**What you will do**
After finding "ニュース 社会 エジプト、バス事故で25人死亡" in a line below, print that line and the rest of the lines exactly, leaving out all pictures.

**Data excerpt**

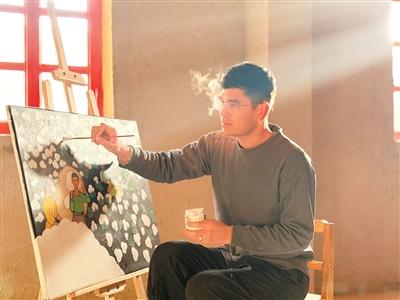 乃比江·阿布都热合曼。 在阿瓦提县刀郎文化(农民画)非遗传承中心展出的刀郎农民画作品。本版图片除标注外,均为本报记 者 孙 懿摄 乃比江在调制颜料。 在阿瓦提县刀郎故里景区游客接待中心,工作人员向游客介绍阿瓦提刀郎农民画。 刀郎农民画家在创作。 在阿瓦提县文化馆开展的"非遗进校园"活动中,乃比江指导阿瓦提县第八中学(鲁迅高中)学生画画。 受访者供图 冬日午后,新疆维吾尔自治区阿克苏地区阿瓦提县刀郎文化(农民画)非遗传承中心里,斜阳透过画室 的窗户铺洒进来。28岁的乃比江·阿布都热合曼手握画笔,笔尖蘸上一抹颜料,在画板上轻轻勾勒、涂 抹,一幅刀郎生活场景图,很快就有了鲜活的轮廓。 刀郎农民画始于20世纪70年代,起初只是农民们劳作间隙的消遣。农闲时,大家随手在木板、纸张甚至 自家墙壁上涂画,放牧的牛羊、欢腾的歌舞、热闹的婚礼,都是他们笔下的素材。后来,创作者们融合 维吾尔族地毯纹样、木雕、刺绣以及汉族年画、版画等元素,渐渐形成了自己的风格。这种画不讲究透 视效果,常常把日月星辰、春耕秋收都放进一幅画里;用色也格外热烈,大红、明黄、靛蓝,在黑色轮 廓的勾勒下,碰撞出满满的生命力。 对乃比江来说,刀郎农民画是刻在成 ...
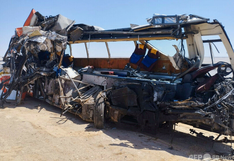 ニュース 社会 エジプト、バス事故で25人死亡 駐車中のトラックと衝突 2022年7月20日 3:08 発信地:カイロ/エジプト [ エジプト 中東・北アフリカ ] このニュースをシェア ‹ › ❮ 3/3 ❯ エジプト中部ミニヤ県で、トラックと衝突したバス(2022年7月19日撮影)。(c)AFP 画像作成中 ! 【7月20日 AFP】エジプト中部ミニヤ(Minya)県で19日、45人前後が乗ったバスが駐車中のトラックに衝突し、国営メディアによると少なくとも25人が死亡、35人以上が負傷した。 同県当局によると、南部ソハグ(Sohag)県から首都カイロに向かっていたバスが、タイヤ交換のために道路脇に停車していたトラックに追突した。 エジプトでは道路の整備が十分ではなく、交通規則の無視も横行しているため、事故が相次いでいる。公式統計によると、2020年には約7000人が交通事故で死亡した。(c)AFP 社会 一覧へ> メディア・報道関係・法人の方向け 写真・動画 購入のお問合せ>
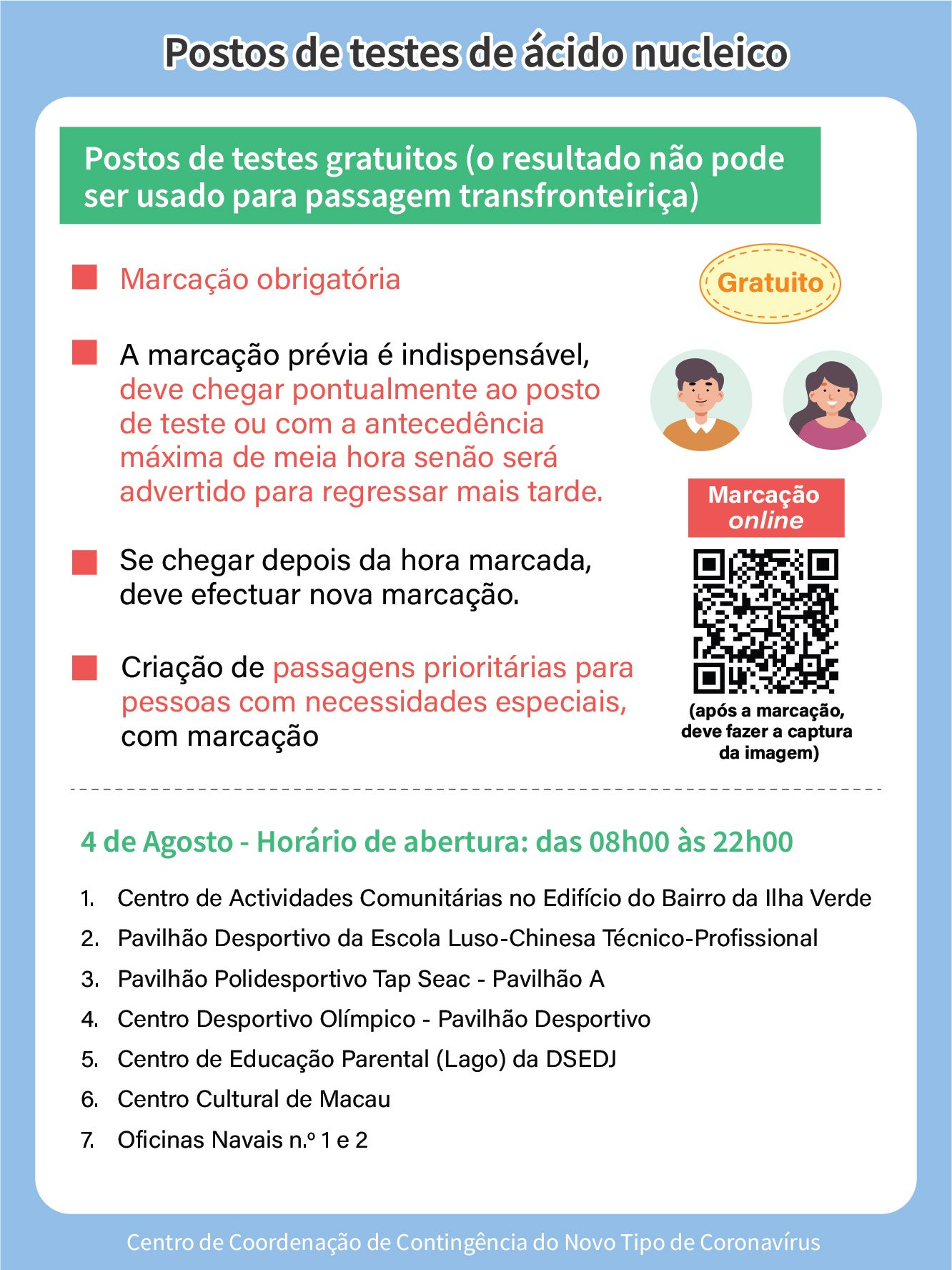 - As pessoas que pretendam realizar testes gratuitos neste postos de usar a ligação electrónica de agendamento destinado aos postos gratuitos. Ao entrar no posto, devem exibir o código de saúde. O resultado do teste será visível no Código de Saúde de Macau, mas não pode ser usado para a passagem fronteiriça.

**Answer for this exercise**
 ニュース 社会 エジプト、バス事故で25人死亡 駐車中のトラックと衝突 2022年7月20日 3:08 発信地:カイロ/エジプト [ エジプト 中東・北アフリカ ] このニュースをシェア ‹ › ❮ 3/3 ❯ エジプト中部ミニヤ県で、トラックと衝突したバス(2022年7月19日撮影)。(c)AFP 画像作成中 ! 【7月20日 AFP】エジプト中部ミニヤ(Minya)県で19日、45人前後が乗ったバスが駐車中のトラックに衝突し、国営メディアによると少なくとも25人が死亡、35人以上が負傷した。 同県当局によると、南部ソハグ(Sohag)県から首都カイロに向かっていたバスが、タイヤ交換のために道路脇に停車していたトラックに追突した。 エジプトでは道路の整備が十分ではなく、交通規則の無視も横行しているため、事故が相次いでいる。公式統計によると、2020年には約7000人が交通事故で死亡した。(c)AFP 社会 一覧へ> メディア・報道関係・法人の方向け 写真・動画 購入のお問合せ>
 - As pessoas que pretendam realizar testes gratuitos neste postos de usar a ligação electrónica de agendamento destinado aos postos gratuitos. Ao entrar no posto, devem exibir o código de saúde. O resultado do teste será visível no Código de Saúde de Macau, mas não pode ser usado para a passagem fronteiriça.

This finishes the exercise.